***** Information shown

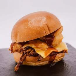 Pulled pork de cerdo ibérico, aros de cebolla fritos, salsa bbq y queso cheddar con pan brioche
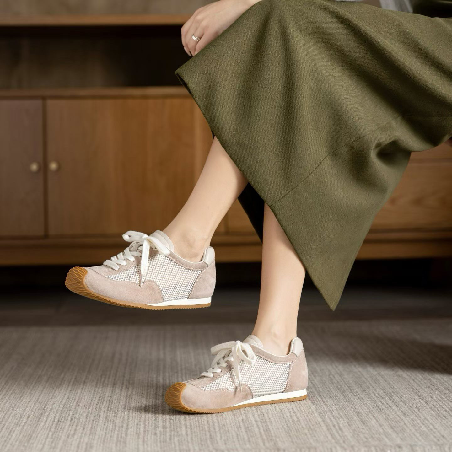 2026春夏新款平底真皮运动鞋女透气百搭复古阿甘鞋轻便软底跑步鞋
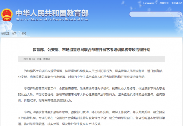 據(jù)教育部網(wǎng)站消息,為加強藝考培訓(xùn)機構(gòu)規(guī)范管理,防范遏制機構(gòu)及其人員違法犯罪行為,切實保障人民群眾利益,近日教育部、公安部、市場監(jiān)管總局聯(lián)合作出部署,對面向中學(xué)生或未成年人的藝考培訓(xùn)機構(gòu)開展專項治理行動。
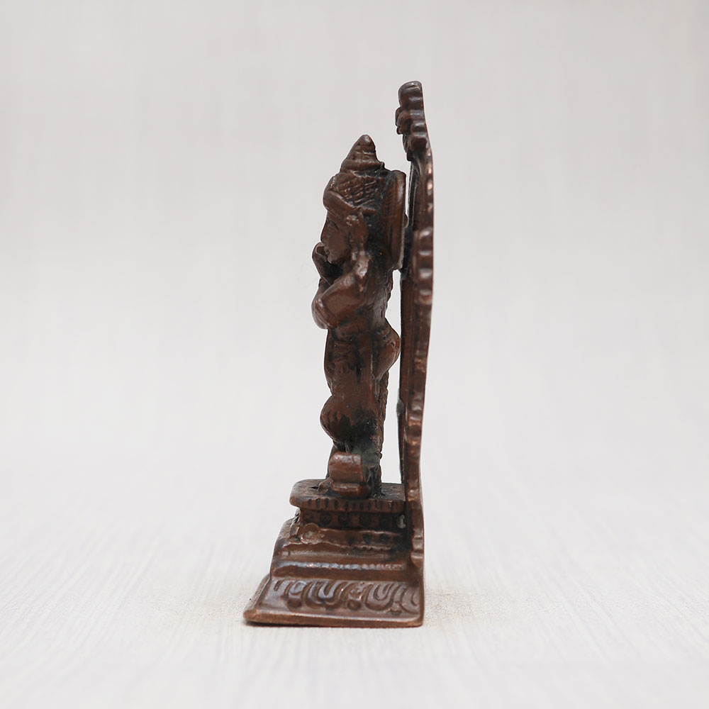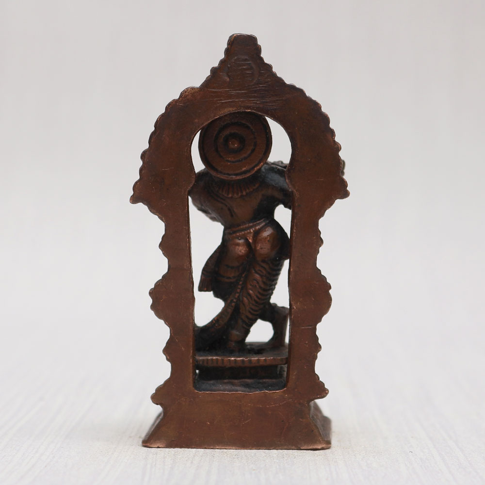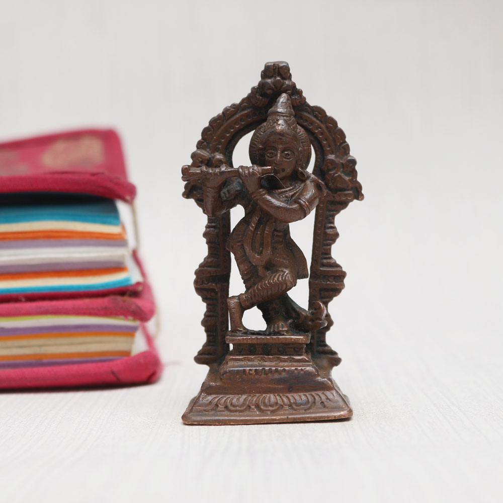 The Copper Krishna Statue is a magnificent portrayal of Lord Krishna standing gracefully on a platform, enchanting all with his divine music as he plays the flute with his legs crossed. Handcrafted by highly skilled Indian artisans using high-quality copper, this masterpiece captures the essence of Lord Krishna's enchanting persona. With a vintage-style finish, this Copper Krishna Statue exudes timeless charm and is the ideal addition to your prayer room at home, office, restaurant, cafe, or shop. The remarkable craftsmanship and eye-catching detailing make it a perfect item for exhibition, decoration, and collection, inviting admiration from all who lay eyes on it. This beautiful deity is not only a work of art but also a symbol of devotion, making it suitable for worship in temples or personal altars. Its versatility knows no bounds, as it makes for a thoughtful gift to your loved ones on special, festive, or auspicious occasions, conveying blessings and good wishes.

**********

Exercise goal
Reproduce the data above line for line, from its first line through the line containing "據(jù)教育部網(wǎng", both ends included, with the pictures omitted and nothing more.

Solution to this exercise
 Pulled pork de cerdo ibérico, aros de cebolla fritos, salsa bbq y queso cheddar con pan brioche
 2026春夏新款平底真皮运动鞋女透气百搭复古阿甘鞋轻便软底跑步鞋
 據(jù)教育部網(wǎng)站消息,為加強藝考培訓(xùn)機構(gòu)規(guī)范管理,防范遏制機構(gòu)及其人員違法犯罪行為,切實保障人民群眾利益,近日教育部、公安部、市場監(jiān)管總局聯(lián)合作出部署,對面向中學(xué)生或未成年人的藝考培訓(xùn)機構(gòu)開展專項治理行動。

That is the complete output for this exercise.